VIP Model Call Girls Shikrapur ( Pune ) Call ON 8005736733 Starting From 5K t...
VIP Model Call Girls Shikrapur ( Pune ) Call ON 8005736733 Starting From 5K t...VIP Model Call Girls Shikrapur ( Pune ) Call ON 8005736733 Starting From 5K t...
VIP Model Call Girls Shikrapur ( Pune ) Call ON 8005736733 Starting From 5K t...
 
VIP Model Call Girls Narhe ( Pune ) Call ON 8005736733 Starting From 5K to 25...
VIP Model Call Girls Narhe ( Pune ) Call ON 8005736733 Starting From 5K to 25...VIP Model Call Girls Narhe ( Pune ) Call ON 8005736733 Starting From 5K to 25...
VIP Model Call Girls Narhe ( Pune ) Call ON 8005736733 Starting From 5K to 25...
 
Just Call Vip call girls Wardha Escorts ☎️8617370543 Starting From 5K to 25K ...
Just Call Vip call girls Wardha Escorts ☎️8617370543 Starting From 5K to 25K ...Just Call Vip call girls Wardha Escorts ☎️8617370543 Starting From 5K to 25K ...
Just Call Vip call girls Wardha Escorts ☎️8617370543 Starting From 5K to 25K ...
 
Tuvalu Coastal Adaptation Project (TCAP)
Tuvalu Coastal Adaptation Project (TCAP)Tuvalu Coastal Adaptation Project (TCAP)

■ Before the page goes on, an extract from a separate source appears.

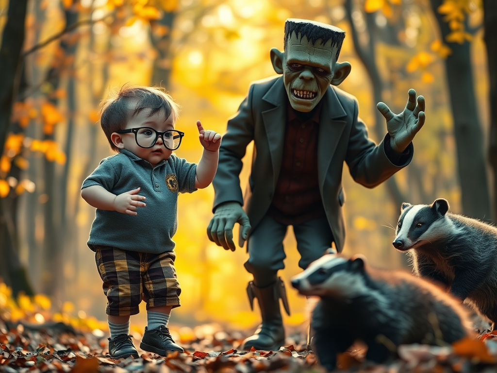‘I have a mission to enjoy the remainder of the fall,’ Chet proclaimed. ‘It is my favorite season of the year,’ Chet continued. ‘My birthday, Halloween, Thanksgiving, and Christmas rolled into one fantastic season,’ Chet danced on one foot and then the other. ‘There is joy in the Autumn Adventure,’ Chet sang to the top of his lungs. ‘It is between Halloween and Thanksgiving, which affords us an excellent opportunity to still invite Frankenstein and Wolfman to our Thanksgiving Dinner,’ Chet laughed a lusty laugh. ‘I have it on good authority that they have nowhere to eat Thanksgiving Dinner and that they would love to come to our celebration,’ Chet assured with a wink. ‘Frankenstein will bring his son and his blushing bride, while Wolfman will bring his new bride, who is a movie star,’ Chet said. ‘We will have a grand time in the Woods with Badger and Mole Toad and Rat,’ Chet announced.

Tuvalu Coastal Adaptation Project (TCAP)
 
Call Girls Nanded City Call Me 7737669865 Budget Friendly No Advance Booking
Call Girls Nanded City Call Me 7737669865 Budget Friendly No Advance BookingCall Girls Nanded City Call Me 7737669865 Budget Friendly No Advance Booking
Call Girls Nanded City Call Me 7737669865 Budget Friendly No Advance Booking
 
Election 2024 Presiding Duty Keypoints_01.pdf
Election 2024 Presiding Duty Keypoints_01.pdfElection 2024 Presiding Duty Keypoints_01.pdf
Election 2024 Presiding Duty Keypoints_01.pdf
 
The Most Attractive Pune Call Girls Handewadi Road 8250192130 Will You Miss T...
The Most Attractive Pune Call Girls Handewadi Road 8250192130 Will You Miss T...The Most Attractive Pune Call Girls Handewadi Road 8250192130 Will You Miss T...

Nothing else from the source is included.